Há muito tempo li sobre a carreira político-militar de Santo Antônio no Brasil. O arquivo mental só foi acionado quando ouvi a música “Jorge da Capadócia”, do Jorge Ben Jor, aquela que tem na primeira estrofe os versos: “Jorge sentou praça na cavalaria // E eu estou feliz porque eu também sou da sua companhia…”, que de vez em quando toca no rádio.
Frei Antônio, nascido Fernando de Bulhões em 15 de agosto de 1195 em Lisboa, morreu aos 36 anos em Arcella (arredores de Pádua – Itália), no dia 13 de junho de 1231 e – dizem – virou santo ainda em vida, mas isso é uma outra história e fica para outra vez. O que interessa é que Santo Antônio sentou praça na Força Pública Portuguesa no Brasil e chegou ao posto de coronel. Nas horas vagas, foi nomeado vereador perpétuo da progressiva cidade de Igarassu, no Pernambuco.

Folheto sobre a carreira militar de Santo Antônio em Portugal (Blog O Campanhense/Reprodução)
De soldado a tenente-coronel
A carreira militar, que resumo aqui, se iniciou em 1595, quando o santo livrou a cidade de Salvador do ataque de uma esquadra francesa, que antes de chegar ao Recôncavo Baiano, atacou e pilhou a fortaleza de Arguim, na costa africana, roubando uma imagem de Santo Antônio. Conta o frei Antônio de Santa Maria Jaboatam que os “franceses luteranos (…), durante a travessia, após atacaram a imagem com zombarias e golpes de espadas a lançaram ao mar para que o Santo, vilipendiado, os levassem à Bahia”. Os navios naufragaram na altura de Sergipe e os poucos soldados sobreviventes foram levados, presos, para Salvador. No caminho, a escolta portuguesa encontrou a imagem do santo. Em retribuição ao milagre militar, o santo foi incorporado à tropa portuguesa aquartelada na Bahia.

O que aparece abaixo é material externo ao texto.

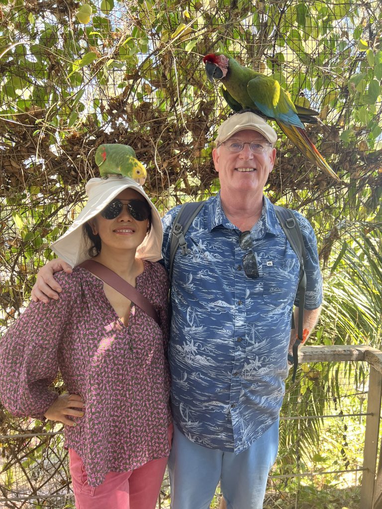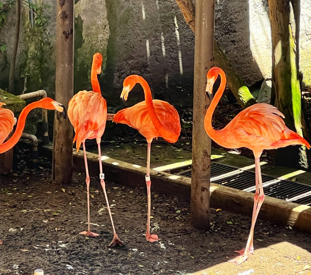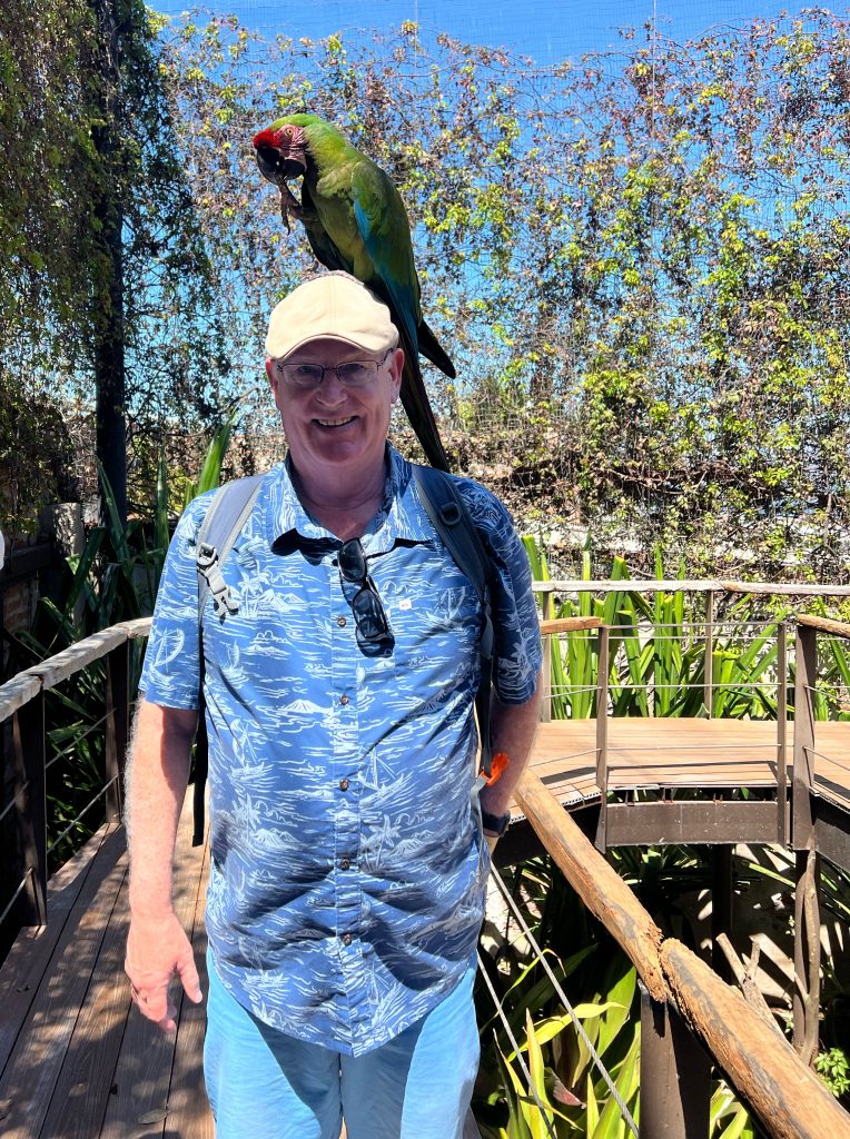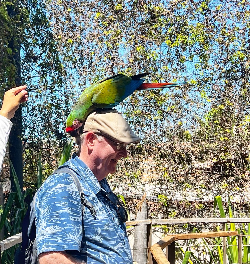 As I focused on photographing the flamingos, a brightly colored parrot suddenly landed on PJG’s head!! After a staff member handed it some food, it flew over and landed on my head too!! Even through my hat, I could clearly feel its small but sharp claws. A few more parrots then swooped around us, landing and taking off again, playfully circling above.

Pouco depois o rei de Portugal, Filipe II, promoveu Antônio a capitão. Em seguida o príncipe regente D. João – depois rei D. João VI – promoveu o santo a sargento-mor (major) e a tenente-coronel, tendo os soldos equivalentes a esta patente pagos pelo Governo ao guardião do convento de São Francisco na Bahia. A coisa só acabou depois da Proclamação da República com a separação da Igreja do Estado.
Nas polícias provinciais
Apesar de ser um só [e a ubiquidade, Zé?], Santo Antônio foi simultaneamente: coronel (a maior patente que existe na Forças Auxiliares) dos regimentos da Capitania de São Paulo; capitão de infantaria na cidade de São Sebastião do Rio de Janeiro; capitão de infantaria ligeira em Goiás; capitão de cavalaria, com direito ao soldo anual de 480$000, em Vila Rica (Ouro Preto atual). Neste último caso, o soldo foi pago até a administração do presidente Hermes da Fonseca, que governou o Brasil entre 1910 e 1914.
Um santo político
A carreira política de Santo Antônio foi menos concorrida que a militar. Em 1754, a Câmara de Igarassu, no litoral de Pernambuco, tentou votar uma moção tornando o santo um dos “pares”, mas não houve autorização real. Porém, em 1951 (outro dia!), um vereador desarquivou a ideia e os edis votaram e tornaram Santo Antônio “vereador perpétuo” de Igarassu. A situação perdura até hoje. A única diferença é que o Ministério Público impediu que houvesse a destinação do “salário” do vereador Santo Antônio para a compra de pães para a festa anual. Hoje o santo exerce a função de representante do povo como voluntário.